Rewriting Eq. 8.10 as \[ \frac{X''(x)}{X(x)}= -k^2 -\frac{Y''(y)}{Y(y)}, \tag{8.12}\] we conclude that for this equation to hold for all \(x\) and \(y\), both sides must be equal to a constant, which we choose to write as \(-\nu^2\) (for some real \(\nu\)). Also, introducing the constant \(\mu\) so that \(\nu^2+\mu^2=k^2\) gives us the equations \[ X''(x) =-\nu^2 X(x), \quad Y''(y)=-\mu^2Y(y). \tag{8.13}\]

The general solutions are \[\begin{split} X(x)&=A\sin(\nu x)+ B\cos(\nu x),\\ Y(y)&=C\sin(\mu y)+ D\cos(\mu y), \end{split} \tag{8.14}\] for arbitrary constants \(A,B,C,D\).

Now we are ready to impose the boundary conditions.

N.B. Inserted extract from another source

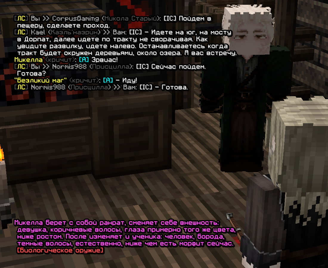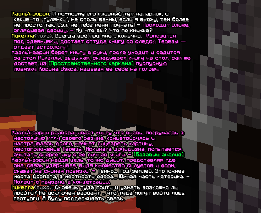 Вновь перемещаемся вперед. В ходе некоторых событий, магичка — Марсела попала в беду, раскрывшись как маг, от чего Микелле было необходимо изменить той внешность. Выбрав место встречи и собравшись там, на троицу(+ученик Микеллы) вышла двоица мужиков, что были охотниками. Естественно, оставлять тех в покое было попросту нельзя, ведь они видели Марселу рядом с другими магами, что в случае если их отпустить — добавит к ним подозрений. Начав бой, Микелла вместе с Магичкой одолели их, после чего архимаг приметил Герберта, о котором ему поведал один из слуг(человек был на ритуале полного /рабства/, так что в Микелла и не сомневался в его словах). Дальше Малакус позвал Каэля и двоице прочли память. Там вскрылось еще и то .. что Тереза помогала им, раздавая реликвии! Реликвии охотникам.

The condition \(z(0,y,t)=0\) for all \(y,t\) requires that \(X(0)=0\) and, because \(X(0)= B\), this implies that \(B=0\). Similarly the condition \(z(a,y,t)=0\) requires that \(X(a)=0\) and because \(X(a)=A\sin(\nu\, a)\) (because we already know that \(B=0\)), this implies that either \(A=0\), which is not an interesting case because it makes the entire solution vanish, or that \(\nu=n\pi/a\) with \(n\in \mathbb{Z}\). Without loss of generality we can take \(n\in\mathbb{N}\) because negative \(n\) just give the same solution up to a sign that can be absorbed into the arbitrary constant \(A\), and \(n=0\) gives the zero solution.

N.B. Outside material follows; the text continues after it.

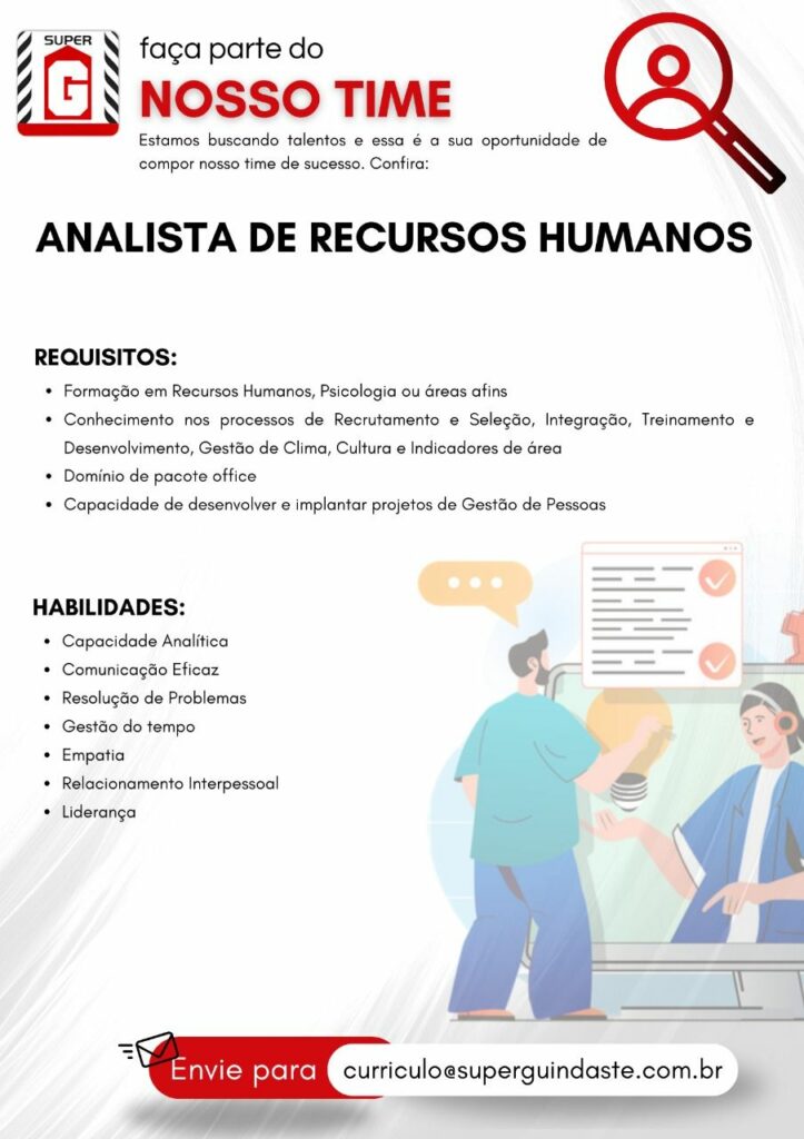 Empresa seleciona para vaga de Analista de Recursos Humanos; Envie seu currículo!

The conditions \(z(x,0,t)=0=z(x,b,t)\) similarly require that \(Y(0)=0=Y(\pi)\) and thus \(D=0\) and \(\mu=m\pi/a\) with \(m\in\mathbb{N}\).

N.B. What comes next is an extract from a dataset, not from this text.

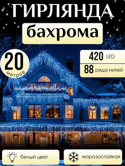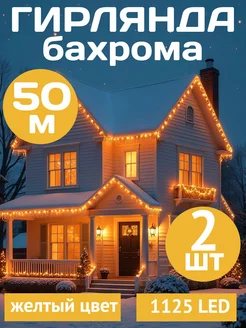 Гирлянда уличная бахрома на дом 50 метров (100м) желтая 2шт

Thus we have found the following solutions satisfying the boundary conditions: \[\begin{split} z_{nm}(x,y,t)=&\sin\left(\frac{\pi}{a}nx\right)\sin\left(\frac{\pi}{b}my\right)\\ &\cdot\left(F_{nm}\sin(k_{nm}ct)+G_{nm}\cos(k_{nm}ct)\right) \end{split} \tag{8.15}\] with \[ k_{nm}=\sqrt{\left(\frac{n\pi}{a}\right)^2+\left(\frac{m\pi}{b}\right)^2} \tag{8.16}\] for any choice of \(n,m\in\mathbb{N}\) and \(F_{nm},G_{nm}\in\mathbb{R}\).

Note that solutions Eq. 8.15 already satisfy the boundary conditions Eq. 8.3 and Eq. 8.4. Such solutions are called normal modes of the membrane. Snapshots of normal modes with \((n,m)=(1,1)\), \((n,m)=(1,2)\), \((n,m)=(2,2)\) and \((n,m)=(3,2)\) are shown in Figure 8.1.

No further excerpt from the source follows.